Monthly Archives: October 2016

Myth-busting: Do heart cells really have their own ‘pulse’?

By Andy James, University of Bristol

The comedian, Jake Yapp, has been presenting on BBC Radio 4’s website a series of short comic histories of science entitled, “Everything We’ve Ever Known About …” Informative and entertaining, these are invariably funny. A recent edition concerned the heart, neatly covering the development of our understanding of heart function through the millennia, from the ancient Egyptians to the present day – where Jake concludes by commenting that if you isolate a heart muscle cell it will have its own pulse. Actually, strictly speaking, a pulse is the increase in pressure within the arteries as a result of beating of the heart. ‘Rhythm’ is a better word.

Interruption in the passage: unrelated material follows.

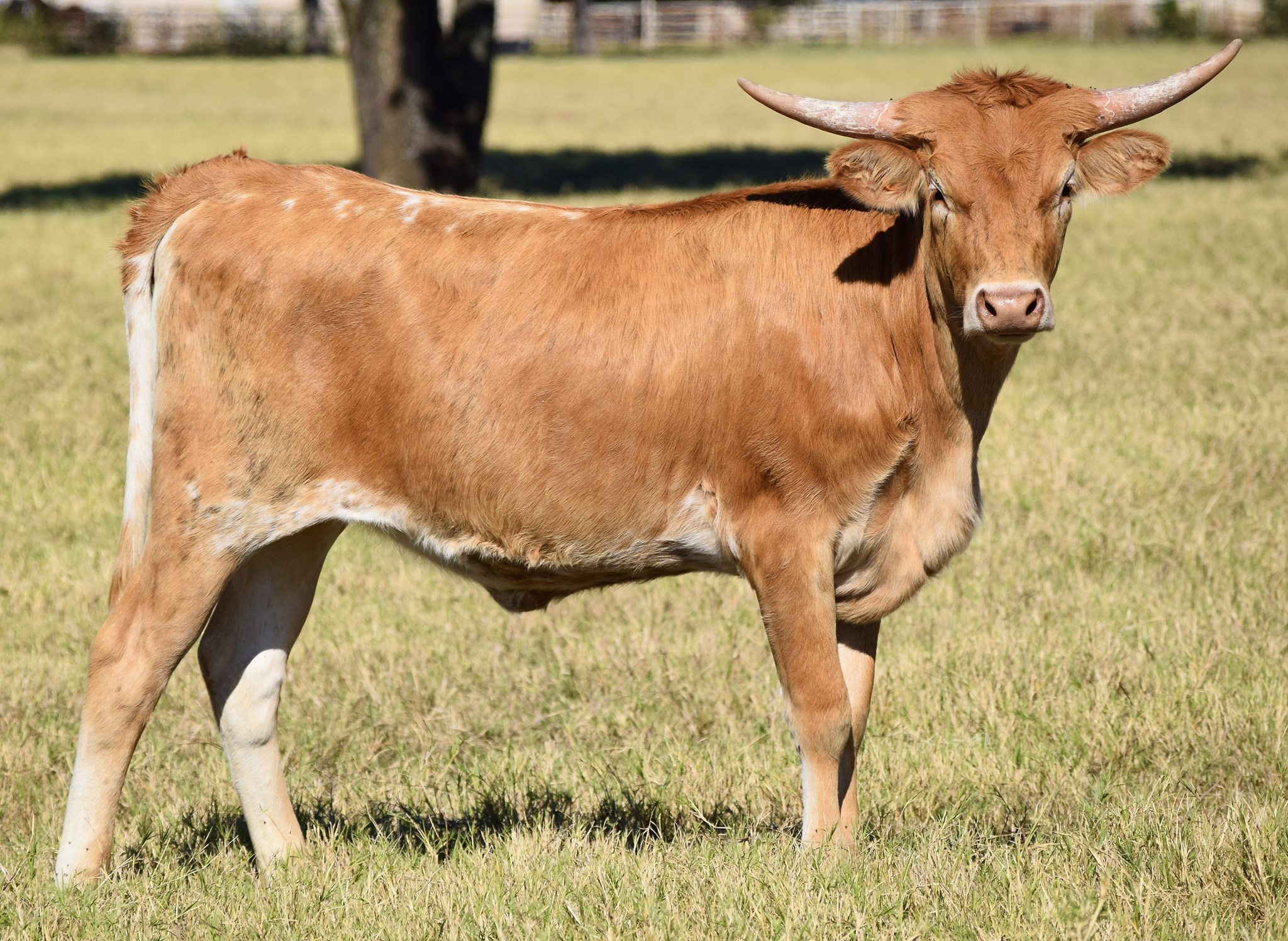 We are predicting a dramatic transformation for this little heifer in the next 2 years. The twisting horns are in the works and brindle striping is beginning to show. She will be a show stopper, just like her mama.

http://www.bbc.co.uk/programmes/p04bwbxl/player

It’s a commonly held misconception, even amongst specialists in cell biology, that all heart muscle cells have their own rhythm that synchronises when the cells couple together (meaning they join and allow electricity to flow between them). Beautiful as this idea is, it simply isn’t true. The heart’s rhythm originates as electrical activity in a specialised area of the heart known as the sinus node- the heart’s physiological pacemaker. The heart muscle cells of the sinus node generate rhythmic electrical activity so that, when isolated, they contract regularly.

In the intact heart, a conduction system ensures that the electrical activity is passed to the chambers to produce a well-coordinated contraction. Many of the cells of the conduction system would also beat when isolated. But the cells from the walls of the chambers that produce the pressure to – as the English anatomist, William Harvey, would have it – propel the blood, do not. Chamber cells only need to receive the signal, but not generate it themselves.

The persuasive and attractive idea that all heart muscle cells show their own rhythm may have arisen from attempts to maintain heart muscle cells for several days in a petri dish. Heart muscle cells from adult mammalian hearts do not generally multiply under these conditions and while it is possible to keep the cells alive for a short time, after a few days, the cells die. However, cells from embryonic, or even neonatal, hearts do multiply in culture. They often show rhythmic contractions and, yes, they synchronise once they form connections with their neighbours.

So do heart cells really have their own pulse? It depends! Cells from adult hearts are programmed to behave in a fixed way- as a pacemaker cell, a conducting cell or a contractile cell from a chamber wall. Cells from immature hearts, on the other hand, retain the ability to change their properties and tend to develop pacemaker-like function in the petri dish.